*Exercise goal:* Would you return, word for word, the lines of the data below from the line with "The shelter named" through the line with "Durant, quien llegó", and no others?

*The records:*
━━━━━━
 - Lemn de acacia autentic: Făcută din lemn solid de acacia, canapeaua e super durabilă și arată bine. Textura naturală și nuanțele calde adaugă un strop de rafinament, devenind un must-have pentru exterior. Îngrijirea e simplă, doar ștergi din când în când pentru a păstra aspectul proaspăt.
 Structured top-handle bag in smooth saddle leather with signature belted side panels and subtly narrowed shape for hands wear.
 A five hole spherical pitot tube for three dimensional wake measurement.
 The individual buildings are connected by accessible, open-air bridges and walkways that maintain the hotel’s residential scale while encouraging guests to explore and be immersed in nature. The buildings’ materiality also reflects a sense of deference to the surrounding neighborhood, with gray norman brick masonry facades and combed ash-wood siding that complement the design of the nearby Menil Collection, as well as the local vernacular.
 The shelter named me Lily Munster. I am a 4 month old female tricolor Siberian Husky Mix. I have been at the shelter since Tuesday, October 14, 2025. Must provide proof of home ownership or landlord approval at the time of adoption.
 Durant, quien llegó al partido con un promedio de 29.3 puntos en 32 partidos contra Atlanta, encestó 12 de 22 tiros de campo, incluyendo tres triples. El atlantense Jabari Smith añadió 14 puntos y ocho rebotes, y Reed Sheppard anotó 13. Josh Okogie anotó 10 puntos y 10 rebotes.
━━━━━━
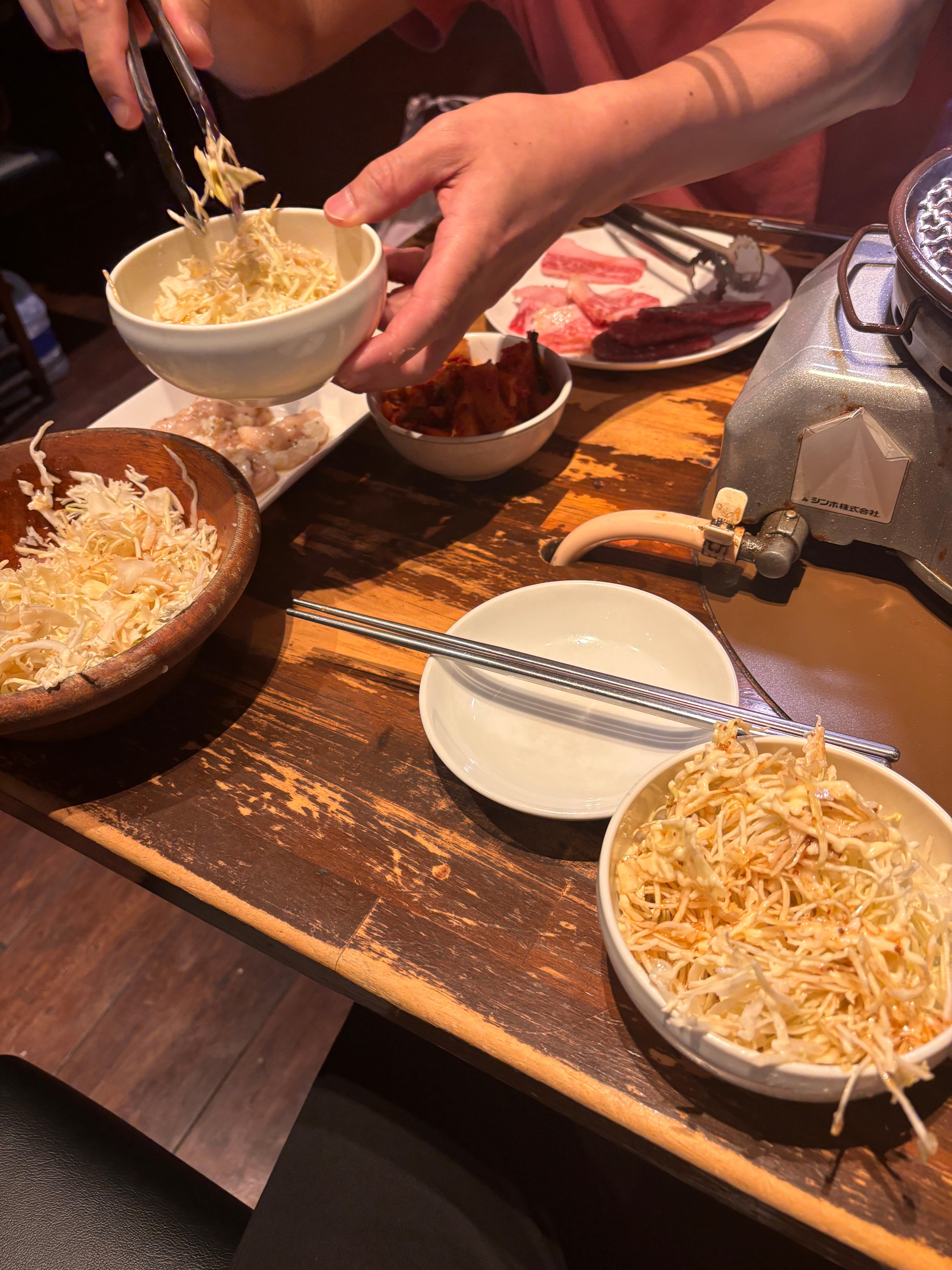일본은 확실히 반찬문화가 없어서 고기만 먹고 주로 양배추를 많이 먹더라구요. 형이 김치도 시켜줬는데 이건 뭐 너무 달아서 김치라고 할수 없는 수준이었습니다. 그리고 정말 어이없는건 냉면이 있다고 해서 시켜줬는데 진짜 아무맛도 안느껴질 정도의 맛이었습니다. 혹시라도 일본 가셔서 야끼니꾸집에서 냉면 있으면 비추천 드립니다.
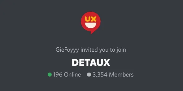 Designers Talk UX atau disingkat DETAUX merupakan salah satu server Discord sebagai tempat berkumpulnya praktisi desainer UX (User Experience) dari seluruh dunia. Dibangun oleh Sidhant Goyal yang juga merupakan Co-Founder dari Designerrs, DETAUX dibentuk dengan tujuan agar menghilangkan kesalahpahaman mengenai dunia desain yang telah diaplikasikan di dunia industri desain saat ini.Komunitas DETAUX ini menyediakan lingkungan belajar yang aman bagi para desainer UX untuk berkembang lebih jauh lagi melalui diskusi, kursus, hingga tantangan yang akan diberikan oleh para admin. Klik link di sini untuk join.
━━━━━━
*Your solution:*
 The shelter named me Lily Munster. I am a 4 month old female tricolor Siberian Husky Mix. I have been at the shelter since Tuesday, October 14, 2025. Must provide proof of home ownership or landlord approval at the time of adoption.
 Durant, quien llegó al partido con un promedio de 29.3 puntos en 32 partidos contra Atlanta, encestó 12 de 22 tiros de campo, incluyendo tres triples. El atlantense Jabari Smith añadió 14 puntos y ocho rebotes, y Reed Sheppard anotó 13. Josh Okogie anotó 10 puntos y 10 rebotes.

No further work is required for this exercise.